Tara Ehrcke of the teachers’ association said she decided to join the protest because she supports “Palestinian freedom.”

“There’s a genocide going on. As we’re marching, bombs are dropping. It’s absolutely shameful, what’s happening there,” she said. “Pride should be a day for all marginalized people and all people experiencing oppression.”

But several parade watchers, unhappy with the pause, got into screaming matches with the protesters about the disruption.

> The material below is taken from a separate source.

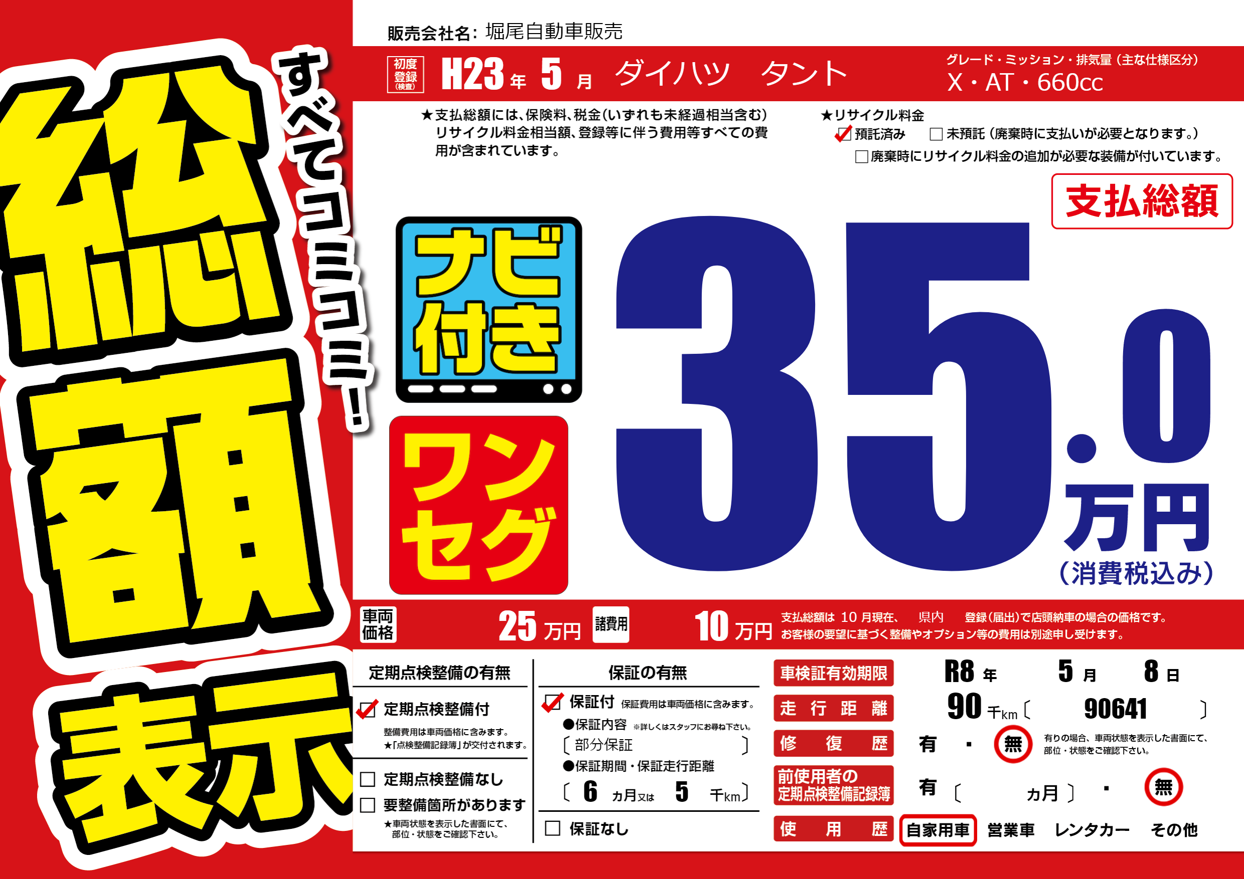 | 走行キロ | 9万km | 初年度登録 | H23年5月 |

Others heckled from the sidelines.

“Pride has always been political,” a masked protester yelled back.

After about 15 minutes, the 127-entry parade was rerouted farther along Douglas Street and onto Belleville Street, although protesters stayed on Humboldt Street.

One man who did not appear to be affiliated with the protesters was led away from the demonstration by police after an altercation.

Around 12:50 p.m., a protester with a megaphone announced that they had received written “concessions” from the Victoria Pride Society and demonstrators began to disperse.

In a copy of communications between the protest group and Mann, obtained by the Times Colonist, Mann said the society will work toward meeting the group’s demands “through the channels available to us,” adding they will be seeking legal advice following the end of Pride Week.

Some of the demonstrators were later seen around McDonald Park enjoying Pride festival activities without masks.

The protesters who spoke to the Times Colonist on Sunday said their group was unaffiliated with the weekly rallies or pro-Palestinian encampment at the University of Victoria, though a number of individuals participating in the blockade had previously been seen in those other protest actions.

Mann said the Pride Society agrees with many of the protesters’ demands. “A permanent, lasting ceasefire in Gaza is very important.”

Other protester demands include the removal of police from the Pride Parade and for the society to take more action to prevent homeless people from being displaced for Pride Week events.

The Victoria Pride Society has said it is against the street sweeps that appear to coincide with Pride events in Victoria. For example, campers at Vic West Park were removed from the area before last week’s Memorial Drag Ball, despite explicit calls against that from the society, Mann said.

“It seemed that they were displacing the unhoused community to make way for our event, which is very frustrating because we contacted the police weeks before saying that we do not want that to happen.”

Members of the society had gone to the park in the days before the event with gift cards and water to tell campers they didn’t need to move, Mann said.

Victoria police spokesperson Cheryl Major said VicPD did not clear the encampment at Vic West Park, noting enforcement of overnight sheltering rules is the responsibility of city bylaw officers, who sometimes ask police to help protect them. “But I can tell you that we didn’t conduct any activity like that with Bylaw ahead of that event,” Major said in an email.

Mann, meanwhile, said changes at the Pride Society will take time and continued effort. “It’s important to recognize that Pride is a big ship. So it’ll take a while to steer.”